Inequality, Justice & History
COURSE DESCRIPTION:
Despite thousands of years of evolution and refinement in the art of statecraft and governance, the formation, organisation, preservation, and optimisation of the political community (i.e. the body politic) remain the supreme challenge of civilised life. Indeed, archaic questions such as what is a political community, what are the ends and duties of a society, what constitutes a just and fair political order, and what are the rights and obligations of the citizen still resound with undiminished stridency to this day. In this course, we will attempt to tackle some of these hefty questions through the eyes of such prominent thinkers as Aristotle and Jean-Jacques Rousseau, whose innovative treatises on social equality and political justice hold as much promise as they do problem. Just as important, we will consider how group psychology can affect and direct the (mis)carriage of political will and justice – occasionally even the restructuring of the social order – in the absence of rational agency or countervailing authority. Seeing how germane the upheavals of the French Revolution are to our reflections on inequality, justice, crowd psychology, and political reformation, the course will train its remaining attention on Charles Dickens’s masterful piece of historical fiction, A Tale of Two Cities (1859). Finally, to complete the tripartite theme of this term module, we will examine the metaphysics, hermeneutics, referentiality, appropriations, and misappropriations of history in the novelist’s retrospective reimagining of that watershed moment in European history. (To ensure positive learning outcomes, students will be assessed on their in-class presentations and end-of-term papers.)
PRIMARY READING TEXTS:
Aristotle.
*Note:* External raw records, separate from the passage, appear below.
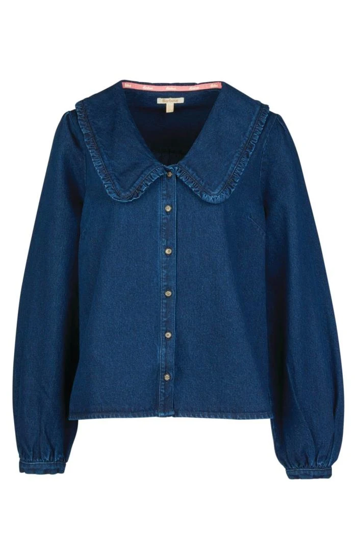 An everyday denim shirt is given a frill of femininity in the 100% cotton Aster shirt by Barbour with its pretty portrait neckline with ruffle edged collar. Finished with mock horn buttons, an elegant gathered back yoke and narrow cuffed sleeves, double up over jeans or paint a picture of contemporary chic with a swinging pleated skirt and heeled ankle boots.
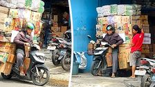 Bis zum Anschlag beladen: Rollerfahrer kämpft mit turmhohen Kartons
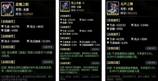 拿改瓦伦丁、特蕾莎、伊莎贝拉来说,这三位最适合的圣器分别是【恶魔之眼】、【苍云圣愈】、【无声之舞】,属性加成如下图所示。然后这个【恶魔之眼】后面也可以给到阿鲁卡多使用。
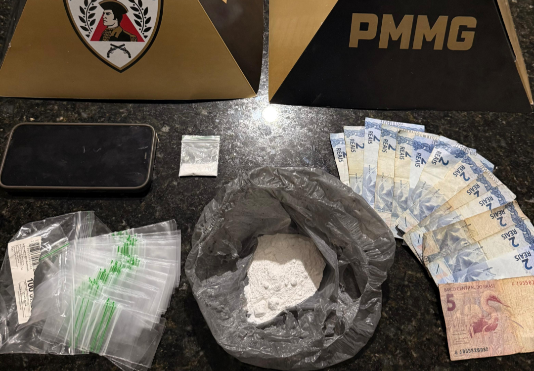 Em continuidade às diligências, a equipe policial se deslocou até a residência do autor. No quarto do suspeito, os militares encontraram uma sacola plástica contendo aproximadamente 20 gramas de substância semelhante à cocaína, além de diversas embalagens do tipo “zip lock”, comumente utilizadas para fracionamento e comercialização de drogas, e dinheiro em espécie.
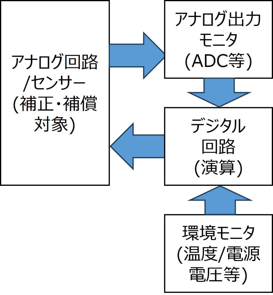 最後は、温度や電源電圧といった外部環境に応じて補正する方式です。温度センサーなどの環境モニタから得られた値をもとに補正演算を行い、アナログ回路に反映させることで、温度や電源条件が変わっても安定した測定や制御が可能になります。
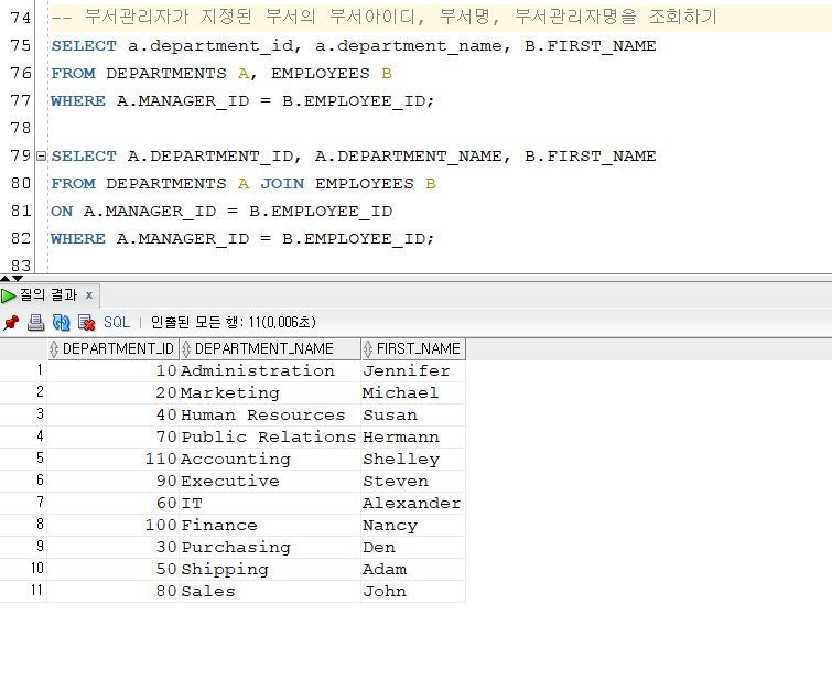 - 부서테이블에는 부서번호, 부서명, 위치가 있다
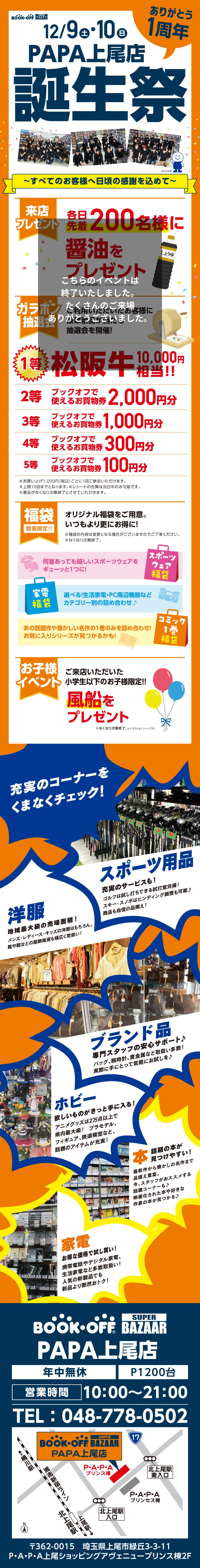 PAPA上尾店はオープンして1周年―12 9 土 10 日 は誕生祭♪―セール・イベント。
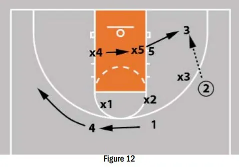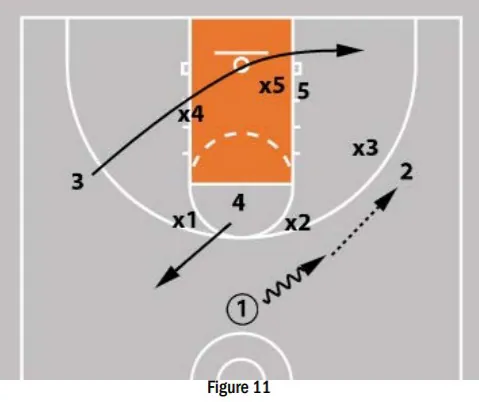 In Figure 11, the bottom defender (x3) plays the first pass to the wing (2). The middle player in the zone (x5) must guard the low post threat (5). This creates a sizeable opening in the short corner for the cutter (3) to fill.

Politics. 2 nd Edn. Trans. with intro. by Carnes Lord. Chicago: U of Chicago P, 2013.
Dickens, Charles. A Tale of Two Cities. Ed. with intro. by Andrew Sanders. Oxford: OUP, 2008.
Le Bon, Gustave. The Crowd: A Study of the Popular Mind. Mineola, NY: Dover Publications, 2002.
Locke, John. Two Treatises of Government. Ed. with intro. by Peter Laslett. Cambridge: CUP, 2008.
Rousseau, Jean-Jacques. Discourse on the Origin of Inequality. Mineola, NY: Dover Publications, 2004.
— Discourse on Political Economy and The Social Contract. Trans. with intro. by Christopher Betts. Oxford: OUP, 2008.
Sanders, Andrew. Charles Dickens. Oxford: OUP, 2003.